ChemGenex and UK’s Vernalis sign $2m partnership

By Graeme O'Neill
Tuesday, 31 August, 2004

Deakin University molecular geneticist Professor Greg Collier was right on the mark when he chose the chubby Israeli sand rat as a model species for his quest for susceptibility genes for non insulin-dependent diabetes.

The biotech company that Collier founded, Melbourne-based ChemGenex, has already made $36 million from its diabetes research partnership with giant pharma Merck Sante.

Like many of today’s overweight and human beings, the Israeli sand rat prefers to chow down in company – and just like humans, when deprived of social contact, it is susceptible to depression.

ChemGenex has announced a $2 million deal with UK biopharmaceutical company Vernalis, which is enjoying a dizzying rise in the international market, to investigate a highly prospective package of nine depression-susceptibility genes from the rotund rodents as potential targets for new anti-depressant drugs.

Dr James Campbell, ChemGenex’s VP of operations, described the agreement as “an excellent starting point” for a relationship that the company believes, in time, could prove as lucrative as its Merck Sante deal.
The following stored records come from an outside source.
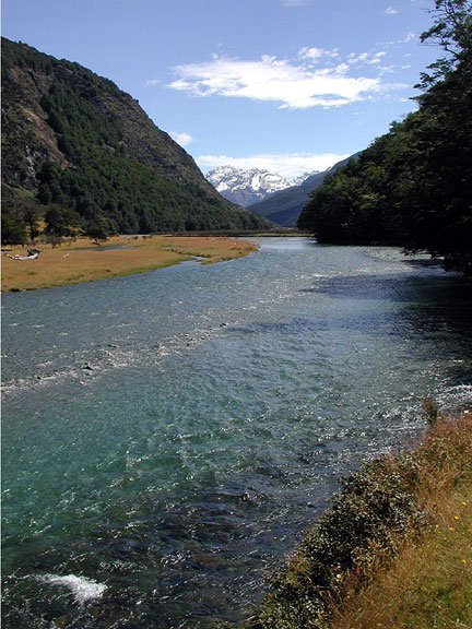 The Caples River. This high clouds of the next storm begin to appear. |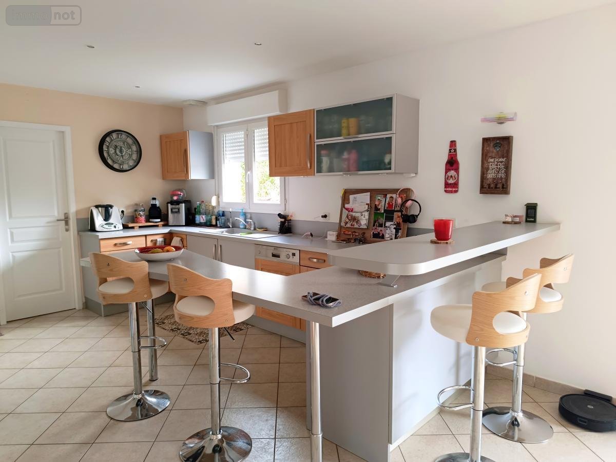 Dès l'entrée, vous apprécierez un hall accueillant menant à un séjour spacieux et lumineux, agrémenté d'une cheminée, et ouvert sur une cuisine moderne et entièrement équipée. Une arrière-cuisine, un cellier et un WC indépendant complètent le rez-de-chaussée.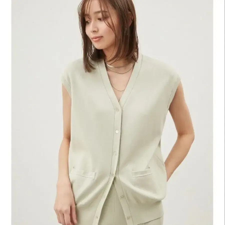 미라 오웬 라이트 그린 니트 베스트 버튼 포함 V넥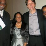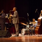 Wayne Shorter receives the Thelonious Monk Institute of Jazz Lifetime Achievement Award from Herbie Hancock surrounded by Wayne's band members Brian Blade, John Patitucci, Danilo Perez, trumpeter Roy Hargrove and members of the band Take 6. (PRNewsFoto/Thelonious Monk Institute of Jazz)

Starting next year, the two companies will use data from the Human Genome Project to begin ferreting out human allelic homologues of the rat depression-susceptibility genes – knowing that at least one of ChemGenex’s patented genes has already been independently confirmed as a player in human depression.

Collier’s team used gene microarray technology to detect changes in gene-expression patterns in the brains of Israeli sand rats, which like humans, segregate into depressive and non-depressive populations, in a way that reflects a strong inherited component to their depression.

Campbell said researchers tracked changes in gene expression patterns in the rats’ brains over a period of 10 days after they were isolated from their littermates.

Four days into the experiment, susceptible rats began to exhibit marked changes in expression patterns. Differential analysis led researchers to nine candidate genes.

Confirmation that these genes have a role in depression came when the researchers gave repressed rats the anti-depressant minaprine. It completely relieved their symptoms, which closely mimic those of human depression.

Campbell said ChemGenex already had Vernalis on its watch-list of potential commercial partners, and set up the agreement after discussions with Vernalis executives who visited Melbourne last December.

“Vernalis have a really visionary CEO in Simon Sturge, and through a series of strategic mergers and acquisitions, and their own excellent gene-discovery program, they already have a strong revenue stream,” he said.

“They’ve been one of the standout biotechs in Europe in the past 18 months, and we are delighted to have sealed this partnership.”